Pope Francis raised some eyebrows in his recent interview published in America magazinewhen he expressed concern that many see the Church’s teaching and proclamation primarily in terms of moral prohibitions. The mainstream media suggested that the Holy Father might finally be changing what it regards as antiquated and heartless rules. Some conservative Catholics, on the other hand, worry that the pope is not proclaiming the “hard truths” often enough, as indeed he mentions in the interview. In examining whether these two reactions flow from a true understanding of what Pope Francis is saying, it’s helpful to turn to one of the most important contemporary treatments of morality: After Virtue, by Alasdair MacIntyre.

MacIntyre explains that calm and objective moral discourse is impossible in this day and age because of the effect of emotivism on our culture. Emotivism is a system of philosophical ethics that developed in early twentieth-century England. It promoted a subjective basis for ethics by positing the idea that moral utterances are expressions of one’s preferences rather than anything objective. The culture, then, chafes at rules because they become a burden and an unnecessary hampering of one’s freedom, an imposition of someone else’s preferences over its own.

For this reason, the point that Pope Francis is making—that Jesus Christ is at the heart of the Gospel—is all the more important to keep in mind. If someone is going to interpret every “Do this” or “Don’t do that” that you throw at them as merely your personal preference, then you’re likely wasting your breath in your attempt to set them on the “straight and narrow.” In an emotivist culture that has largely forgotten its Christian foundations, starting with moral prohibitions is not only ineffective in spreading the Gospel, it’s positively damaging. Pope Francis reminds us that “the proposal of the Gospel must be more simple, profound, radiant. It is from this proposition that the moral consequences then flow.”

John Senior, a Catholic professor from the University of Kansas known for the conversions that he and two colleagues inspired in the course of their teaching careers, once said: “If you want to be good, be happy.” Friendship with God is the greatest source of happiness there is. If we find our true happiness in God, we will be moved to do what is good out of love for Him.

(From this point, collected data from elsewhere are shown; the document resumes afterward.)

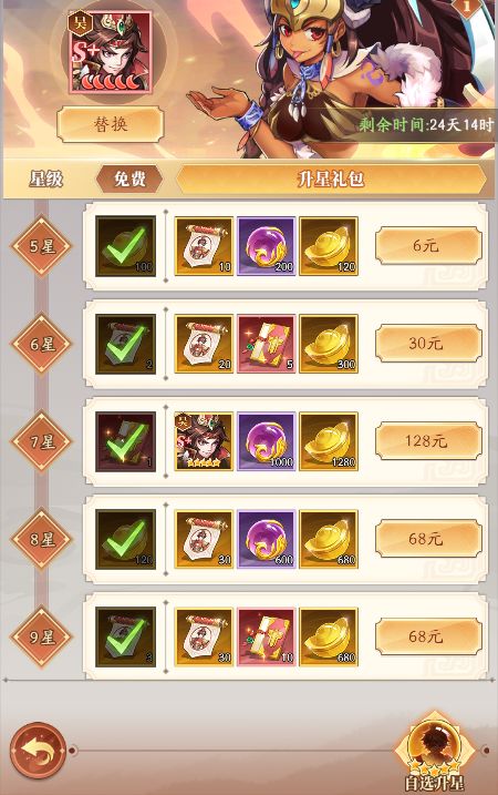 在升到9阶段(即太阳)之后可以获得比较大的提升,伤害提交或者辅助能力都会变得更加强力,建议大家在对于比较喜爱的武将先集中资源优先培养,游戏中有自选升星活动可以定向获得升星所需要的本体和材料,大家可以酌情购买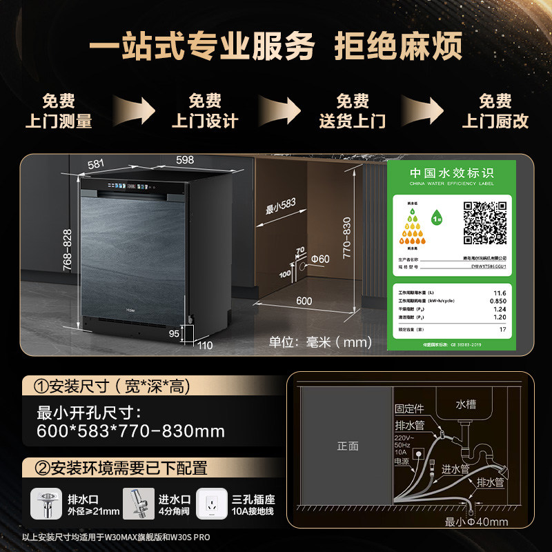 [W30Max旗舰版]海尔洗碗机17套嵌入式家用智能全自动超大容量消毒,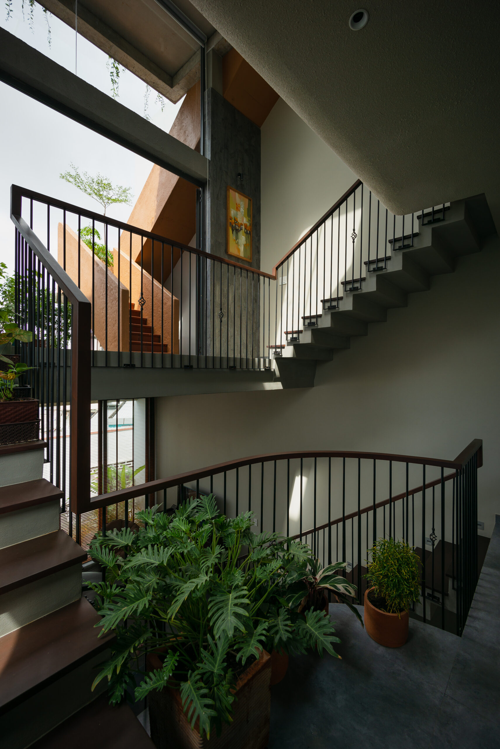 Không gian kết thúc bằng một hệ cầu thang lên tầng sân thượng. Vị trí giao thông trên trục cầu thang được bố trí những chậu cây xanh giúp gia chủ kết nối với thiên nhiên trong khi di chuyển.

We will want to hold on to “the fruit of the Spirit,” which St. Paul says “is love, joy, peace, forbearance, kindness, goodness, faithfulness, gentleness and self-control” (Gal 5:22–23).

It is this right ordering of the proclamation of the Gospel that Pope Francis was emphasizing in his interview. He is not afraid to teach what others find unpleasant, but he wants to remind us that “the most important thing is the first proclamation: Jesus Christ has saved you.”